§ **WHAT YOU WILL DO**:
Repeat word for word the line with "Używanie podnóżka pomaga" and every line after it until the records below run out.

(Records excerpted from a collection)
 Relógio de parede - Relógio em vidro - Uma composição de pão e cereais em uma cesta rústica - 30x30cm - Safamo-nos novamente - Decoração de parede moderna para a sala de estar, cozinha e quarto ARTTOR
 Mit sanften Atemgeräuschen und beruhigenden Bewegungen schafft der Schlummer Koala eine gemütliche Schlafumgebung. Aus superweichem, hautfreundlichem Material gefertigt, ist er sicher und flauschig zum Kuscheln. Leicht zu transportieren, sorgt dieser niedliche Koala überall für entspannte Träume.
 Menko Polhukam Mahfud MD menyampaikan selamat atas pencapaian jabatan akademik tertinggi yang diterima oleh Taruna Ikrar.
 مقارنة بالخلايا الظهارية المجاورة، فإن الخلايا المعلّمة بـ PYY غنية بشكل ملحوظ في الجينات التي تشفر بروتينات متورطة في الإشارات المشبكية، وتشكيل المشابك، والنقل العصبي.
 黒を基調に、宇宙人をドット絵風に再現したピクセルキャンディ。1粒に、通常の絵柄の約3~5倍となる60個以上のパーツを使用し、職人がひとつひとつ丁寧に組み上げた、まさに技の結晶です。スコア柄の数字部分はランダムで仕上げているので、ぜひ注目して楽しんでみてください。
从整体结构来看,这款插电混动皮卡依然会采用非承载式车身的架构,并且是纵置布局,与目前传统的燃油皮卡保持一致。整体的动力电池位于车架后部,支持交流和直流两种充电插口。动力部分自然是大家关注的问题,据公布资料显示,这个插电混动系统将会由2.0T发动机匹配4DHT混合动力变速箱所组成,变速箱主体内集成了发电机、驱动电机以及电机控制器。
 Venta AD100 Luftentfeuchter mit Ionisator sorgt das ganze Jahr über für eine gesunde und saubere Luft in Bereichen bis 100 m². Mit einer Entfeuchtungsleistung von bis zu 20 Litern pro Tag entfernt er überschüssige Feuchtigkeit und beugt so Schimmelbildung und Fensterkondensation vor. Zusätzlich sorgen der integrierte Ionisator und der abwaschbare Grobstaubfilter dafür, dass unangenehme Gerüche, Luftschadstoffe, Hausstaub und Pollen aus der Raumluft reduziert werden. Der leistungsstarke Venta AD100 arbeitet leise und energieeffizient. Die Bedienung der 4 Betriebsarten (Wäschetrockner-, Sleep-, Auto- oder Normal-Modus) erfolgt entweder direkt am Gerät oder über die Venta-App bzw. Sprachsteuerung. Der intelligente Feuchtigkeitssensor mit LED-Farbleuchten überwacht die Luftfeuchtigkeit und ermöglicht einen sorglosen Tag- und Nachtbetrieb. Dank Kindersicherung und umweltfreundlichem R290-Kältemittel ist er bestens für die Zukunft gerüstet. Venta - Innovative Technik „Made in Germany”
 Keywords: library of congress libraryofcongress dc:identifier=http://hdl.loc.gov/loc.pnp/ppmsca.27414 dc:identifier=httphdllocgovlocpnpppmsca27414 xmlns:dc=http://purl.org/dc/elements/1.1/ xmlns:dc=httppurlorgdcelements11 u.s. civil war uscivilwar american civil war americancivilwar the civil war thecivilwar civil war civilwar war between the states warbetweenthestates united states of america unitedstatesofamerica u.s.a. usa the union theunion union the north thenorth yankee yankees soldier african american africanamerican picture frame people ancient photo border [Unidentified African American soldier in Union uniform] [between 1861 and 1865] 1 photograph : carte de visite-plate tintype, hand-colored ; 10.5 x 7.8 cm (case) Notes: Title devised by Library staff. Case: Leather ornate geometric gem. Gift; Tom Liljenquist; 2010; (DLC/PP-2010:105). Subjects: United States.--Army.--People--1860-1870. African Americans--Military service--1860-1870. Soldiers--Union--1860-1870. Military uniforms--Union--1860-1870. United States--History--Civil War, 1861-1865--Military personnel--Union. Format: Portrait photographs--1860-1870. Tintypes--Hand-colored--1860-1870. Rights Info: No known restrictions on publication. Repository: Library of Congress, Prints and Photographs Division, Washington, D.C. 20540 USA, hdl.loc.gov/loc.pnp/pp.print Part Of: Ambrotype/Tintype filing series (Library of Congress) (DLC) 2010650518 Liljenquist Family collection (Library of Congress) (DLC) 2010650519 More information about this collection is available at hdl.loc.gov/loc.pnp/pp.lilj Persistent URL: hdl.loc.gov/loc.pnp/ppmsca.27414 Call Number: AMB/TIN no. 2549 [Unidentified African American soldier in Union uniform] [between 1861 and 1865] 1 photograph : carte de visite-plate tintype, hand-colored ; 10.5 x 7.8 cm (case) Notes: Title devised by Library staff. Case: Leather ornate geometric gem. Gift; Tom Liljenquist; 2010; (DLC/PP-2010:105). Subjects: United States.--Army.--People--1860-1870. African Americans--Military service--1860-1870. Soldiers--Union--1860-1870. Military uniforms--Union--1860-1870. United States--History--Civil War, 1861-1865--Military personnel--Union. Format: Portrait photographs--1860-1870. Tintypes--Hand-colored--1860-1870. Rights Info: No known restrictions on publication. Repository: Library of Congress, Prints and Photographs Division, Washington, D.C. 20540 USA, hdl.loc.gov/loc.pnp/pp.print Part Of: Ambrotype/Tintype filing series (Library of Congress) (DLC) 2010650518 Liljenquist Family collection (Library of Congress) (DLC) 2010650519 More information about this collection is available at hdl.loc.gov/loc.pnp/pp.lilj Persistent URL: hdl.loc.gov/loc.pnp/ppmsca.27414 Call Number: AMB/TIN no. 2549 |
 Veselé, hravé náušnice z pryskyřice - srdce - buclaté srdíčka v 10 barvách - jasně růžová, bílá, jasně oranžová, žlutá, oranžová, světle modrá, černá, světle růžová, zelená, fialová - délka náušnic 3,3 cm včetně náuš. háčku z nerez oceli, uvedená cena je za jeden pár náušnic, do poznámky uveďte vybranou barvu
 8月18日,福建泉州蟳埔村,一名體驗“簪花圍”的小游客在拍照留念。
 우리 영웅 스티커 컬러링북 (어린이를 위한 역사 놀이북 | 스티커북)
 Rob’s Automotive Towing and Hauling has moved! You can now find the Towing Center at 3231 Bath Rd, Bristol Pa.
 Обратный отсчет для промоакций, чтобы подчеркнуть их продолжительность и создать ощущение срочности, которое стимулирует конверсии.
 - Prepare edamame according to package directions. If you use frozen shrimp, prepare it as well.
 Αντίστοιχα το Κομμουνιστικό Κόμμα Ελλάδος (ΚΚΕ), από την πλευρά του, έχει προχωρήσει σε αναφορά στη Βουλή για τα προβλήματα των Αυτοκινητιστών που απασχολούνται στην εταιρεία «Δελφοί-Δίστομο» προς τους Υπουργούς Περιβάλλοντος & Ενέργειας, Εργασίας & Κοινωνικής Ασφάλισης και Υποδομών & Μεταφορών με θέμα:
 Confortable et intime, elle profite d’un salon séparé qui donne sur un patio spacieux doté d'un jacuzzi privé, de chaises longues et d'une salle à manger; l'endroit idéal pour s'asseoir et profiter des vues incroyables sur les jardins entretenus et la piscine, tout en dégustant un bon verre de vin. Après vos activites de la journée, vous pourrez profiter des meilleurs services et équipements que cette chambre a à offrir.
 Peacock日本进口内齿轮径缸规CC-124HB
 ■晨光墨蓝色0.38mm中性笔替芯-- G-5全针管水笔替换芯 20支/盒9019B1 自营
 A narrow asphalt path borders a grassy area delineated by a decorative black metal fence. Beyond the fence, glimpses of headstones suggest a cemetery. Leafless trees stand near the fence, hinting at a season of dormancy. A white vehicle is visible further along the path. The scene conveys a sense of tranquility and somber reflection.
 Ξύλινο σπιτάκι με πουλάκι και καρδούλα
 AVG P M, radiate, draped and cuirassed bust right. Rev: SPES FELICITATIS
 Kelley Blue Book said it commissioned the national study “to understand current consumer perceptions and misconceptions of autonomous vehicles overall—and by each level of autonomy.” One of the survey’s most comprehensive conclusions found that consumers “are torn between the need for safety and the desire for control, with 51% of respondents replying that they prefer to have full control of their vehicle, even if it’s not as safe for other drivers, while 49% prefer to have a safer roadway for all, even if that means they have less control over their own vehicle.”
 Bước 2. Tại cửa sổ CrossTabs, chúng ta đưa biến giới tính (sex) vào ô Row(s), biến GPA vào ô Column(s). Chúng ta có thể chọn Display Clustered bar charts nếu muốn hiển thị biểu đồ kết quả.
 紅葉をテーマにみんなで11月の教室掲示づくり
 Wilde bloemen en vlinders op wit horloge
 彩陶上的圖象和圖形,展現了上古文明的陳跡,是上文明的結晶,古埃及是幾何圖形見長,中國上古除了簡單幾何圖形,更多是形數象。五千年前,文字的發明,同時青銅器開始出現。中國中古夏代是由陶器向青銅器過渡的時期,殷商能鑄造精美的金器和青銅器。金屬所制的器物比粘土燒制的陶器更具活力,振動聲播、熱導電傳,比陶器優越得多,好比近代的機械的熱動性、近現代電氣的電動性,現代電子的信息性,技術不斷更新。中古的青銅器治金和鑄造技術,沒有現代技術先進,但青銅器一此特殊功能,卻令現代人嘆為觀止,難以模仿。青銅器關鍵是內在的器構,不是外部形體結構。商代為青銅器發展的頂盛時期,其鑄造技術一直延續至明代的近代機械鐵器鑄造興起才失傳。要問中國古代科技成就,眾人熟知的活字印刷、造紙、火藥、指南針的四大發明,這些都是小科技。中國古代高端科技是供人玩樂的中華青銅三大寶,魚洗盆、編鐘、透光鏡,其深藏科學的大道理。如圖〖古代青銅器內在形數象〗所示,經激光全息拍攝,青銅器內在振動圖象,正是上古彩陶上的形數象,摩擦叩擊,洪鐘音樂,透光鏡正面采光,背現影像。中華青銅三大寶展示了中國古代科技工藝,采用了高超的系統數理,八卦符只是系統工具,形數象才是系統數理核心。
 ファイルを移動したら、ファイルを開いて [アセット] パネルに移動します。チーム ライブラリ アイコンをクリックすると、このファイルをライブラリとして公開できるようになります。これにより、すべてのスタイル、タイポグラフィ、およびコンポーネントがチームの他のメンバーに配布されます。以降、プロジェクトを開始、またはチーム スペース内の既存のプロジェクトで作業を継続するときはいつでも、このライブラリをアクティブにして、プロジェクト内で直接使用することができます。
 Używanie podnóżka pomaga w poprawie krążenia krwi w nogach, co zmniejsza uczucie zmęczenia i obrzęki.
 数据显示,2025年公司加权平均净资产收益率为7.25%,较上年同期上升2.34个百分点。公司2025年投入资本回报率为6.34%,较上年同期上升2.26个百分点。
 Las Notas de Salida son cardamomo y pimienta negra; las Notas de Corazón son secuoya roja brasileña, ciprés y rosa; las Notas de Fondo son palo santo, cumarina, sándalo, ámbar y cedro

§ **TASK OUTPUT**:
 Używanie podnóżka pomaga w poprawie krążenia krwi w nogach, co zmniejsza uczucie zmęczenia i obrzęki.
 数据显示,2025年公司加权平均净资产收益率为7.25%,较上年同期上升2.34个百分点。公司2025年投入资本回报率为6.34%,较上年同期上升2.26个百分点。
 Las Notas de Salida son cardamomo y pimienta negra; las Notas de Corazón son secuoya roja brasileña, ciprés y rosa; las Notas de Fondo son palo santo, cumarina, sándalo, ámbar y cedro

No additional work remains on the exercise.